Extracted data entries

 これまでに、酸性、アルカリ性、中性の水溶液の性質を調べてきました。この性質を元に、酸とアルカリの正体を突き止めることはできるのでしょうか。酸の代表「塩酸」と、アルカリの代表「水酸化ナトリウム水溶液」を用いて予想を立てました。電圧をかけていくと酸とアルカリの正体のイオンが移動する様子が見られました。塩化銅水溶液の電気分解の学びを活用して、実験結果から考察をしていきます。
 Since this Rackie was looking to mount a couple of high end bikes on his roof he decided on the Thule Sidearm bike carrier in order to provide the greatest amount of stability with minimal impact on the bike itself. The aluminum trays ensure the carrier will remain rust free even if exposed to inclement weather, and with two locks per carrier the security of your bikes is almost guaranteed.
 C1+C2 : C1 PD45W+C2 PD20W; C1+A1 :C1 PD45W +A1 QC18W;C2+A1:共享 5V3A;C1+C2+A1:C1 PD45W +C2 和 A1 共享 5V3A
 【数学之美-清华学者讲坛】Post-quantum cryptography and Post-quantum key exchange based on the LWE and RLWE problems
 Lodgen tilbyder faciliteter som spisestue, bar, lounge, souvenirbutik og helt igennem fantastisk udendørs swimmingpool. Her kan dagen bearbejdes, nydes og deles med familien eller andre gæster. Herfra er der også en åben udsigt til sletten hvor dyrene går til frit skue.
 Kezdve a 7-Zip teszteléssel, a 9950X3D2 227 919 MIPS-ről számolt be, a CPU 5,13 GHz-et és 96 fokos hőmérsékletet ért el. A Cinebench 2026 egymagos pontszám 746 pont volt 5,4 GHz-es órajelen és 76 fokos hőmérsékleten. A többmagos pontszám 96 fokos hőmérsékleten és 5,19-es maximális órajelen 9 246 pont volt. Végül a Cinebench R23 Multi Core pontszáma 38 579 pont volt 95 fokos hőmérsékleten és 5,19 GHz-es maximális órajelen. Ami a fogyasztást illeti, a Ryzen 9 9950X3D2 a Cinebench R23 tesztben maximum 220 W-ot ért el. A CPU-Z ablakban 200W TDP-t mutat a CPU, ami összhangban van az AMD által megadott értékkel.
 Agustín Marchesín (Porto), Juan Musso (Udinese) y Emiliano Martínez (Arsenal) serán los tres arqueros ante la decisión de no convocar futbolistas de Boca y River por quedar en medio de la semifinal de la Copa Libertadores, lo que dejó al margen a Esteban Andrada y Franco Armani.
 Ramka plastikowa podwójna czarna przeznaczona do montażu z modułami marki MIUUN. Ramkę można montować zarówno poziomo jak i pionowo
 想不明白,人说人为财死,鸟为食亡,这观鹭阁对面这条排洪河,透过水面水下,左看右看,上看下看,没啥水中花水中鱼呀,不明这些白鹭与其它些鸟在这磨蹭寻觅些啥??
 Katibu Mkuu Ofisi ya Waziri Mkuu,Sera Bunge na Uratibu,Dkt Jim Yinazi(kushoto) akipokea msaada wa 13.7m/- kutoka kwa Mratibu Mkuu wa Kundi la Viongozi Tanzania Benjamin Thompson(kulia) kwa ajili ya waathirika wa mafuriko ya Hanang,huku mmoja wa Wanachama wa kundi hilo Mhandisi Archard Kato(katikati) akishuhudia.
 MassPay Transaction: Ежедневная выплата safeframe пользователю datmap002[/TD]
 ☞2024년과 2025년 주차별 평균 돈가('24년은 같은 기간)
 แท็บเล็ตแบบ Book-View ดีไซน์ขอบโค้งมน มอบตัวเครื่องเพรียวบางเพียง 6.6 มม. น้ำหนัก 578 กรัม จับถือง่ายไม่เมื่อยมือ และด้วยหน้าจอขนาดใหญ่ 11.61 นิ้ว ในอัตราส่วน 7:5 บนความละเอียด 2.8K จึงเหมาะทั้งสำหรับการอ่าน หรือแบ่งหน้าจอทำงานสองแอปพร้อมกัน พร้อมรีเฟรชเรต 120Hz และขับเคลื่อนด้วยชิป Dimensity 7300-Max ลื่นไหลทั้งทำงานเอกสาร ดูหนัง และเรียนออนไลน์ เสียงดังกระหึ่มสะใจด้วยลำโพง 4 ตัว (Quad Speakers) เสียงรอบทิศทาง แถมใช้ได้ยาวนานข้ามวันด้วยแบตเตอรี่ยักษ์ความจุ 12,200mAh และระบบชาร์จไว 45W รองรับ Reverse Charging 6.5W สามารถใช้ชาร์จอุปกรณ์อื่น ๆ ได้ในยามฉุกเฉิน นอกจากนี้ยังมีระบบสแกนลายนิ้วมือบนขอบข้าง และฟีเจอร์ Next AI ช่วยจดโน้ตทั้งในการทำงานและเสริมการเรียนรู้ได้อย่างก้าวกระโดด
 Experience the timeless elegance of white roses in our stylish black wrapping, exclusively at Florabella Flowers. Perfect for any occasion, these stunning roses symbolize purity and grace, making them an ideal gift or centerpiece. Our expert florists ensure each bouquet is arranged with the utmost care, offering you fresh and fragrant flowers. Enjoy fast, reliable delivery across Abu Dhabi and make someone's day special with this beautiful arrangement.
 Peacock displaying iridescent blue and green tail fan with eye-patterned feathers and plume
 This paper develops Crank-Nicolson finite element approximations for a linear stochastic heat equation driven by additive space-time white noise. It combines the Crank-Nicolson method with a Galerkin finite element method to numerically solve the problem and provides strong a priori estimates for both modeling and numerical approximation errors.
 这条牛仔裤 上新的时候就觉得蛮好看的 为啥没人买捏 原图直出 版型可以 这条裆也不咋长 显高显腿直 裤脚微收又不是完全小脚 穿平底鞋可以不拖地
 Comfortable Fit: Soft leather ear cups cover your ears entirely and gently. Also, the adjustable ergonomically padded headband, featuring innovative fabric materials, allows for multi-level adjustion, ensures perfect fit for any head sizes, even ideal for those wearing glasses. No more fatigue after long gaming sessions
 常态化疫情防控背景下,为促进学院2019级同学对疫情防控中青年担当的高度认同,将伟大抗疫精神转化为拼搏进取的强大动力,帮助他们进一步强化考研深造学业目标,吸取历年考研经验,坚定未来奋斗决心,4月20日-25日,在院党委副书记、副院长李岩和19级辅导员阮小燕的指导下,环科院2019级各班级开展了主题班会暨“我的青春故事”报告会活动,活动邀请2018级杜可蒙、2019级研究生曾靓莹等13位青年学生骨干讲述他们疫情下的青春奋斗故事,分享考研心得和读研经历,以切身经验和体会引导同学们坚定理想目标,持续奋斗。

What you should do
Up to and including the line with "Lodgen tilbyder faciliteter", output each line of the entries above exactly, starting from the first.

Exercise answer
 これまでに、酸性、アルカリ性、中性の水溶液の性質を調べてきました。この性質を元に、酸とアルカリの正体を突き止めることはできるのでしょうか。酸の代表「塩酸」と、アルカリの代表「水酸化ナトリウム水溶液」を用いて予想を立てました。電圧をかけていくと酸とアルカリの正体のイオンが移動する様子が見られました。塩化銅水溶液の電気分解の学びを活用して、実験結果から考察をしていきます。
 Since this Rackie was looking to mount a couple of high end bikes on his roof he decided on the Thule Sidearm bike carrier in order to provide the greatest amount of stability with minimal impact on the bike itself. The aluminum trays ensure the carrier will remain rust free even if exposed to inclement weather, and with two locks per carrier the security of your bikes is almost guaranteed.
 C1+C2 : C1 PD45W+C2 PD20W; C1+A1 :C1 PD45W +A1 QC18W;C2+A1:共享 5V3A;C1+C2+A1:C1 PD45W +C2 和 A1 共享 5V3A
 【数学之美-清华学者讲坛】Post-quantum cryptography and Post-quantum key exchange based on the LWE and RLWE problems
 Lodgen tilbyder faciliteter som spisestue, bar, lounge, souvenirbutik og helt igennem fantastisk udendørs swimmingpool. Her kan dagen bearbejdes, nydes og deles med familien eller andre gæster. Herfra er der også en åben udsigt til sletten hvor dyrene går til frit skue.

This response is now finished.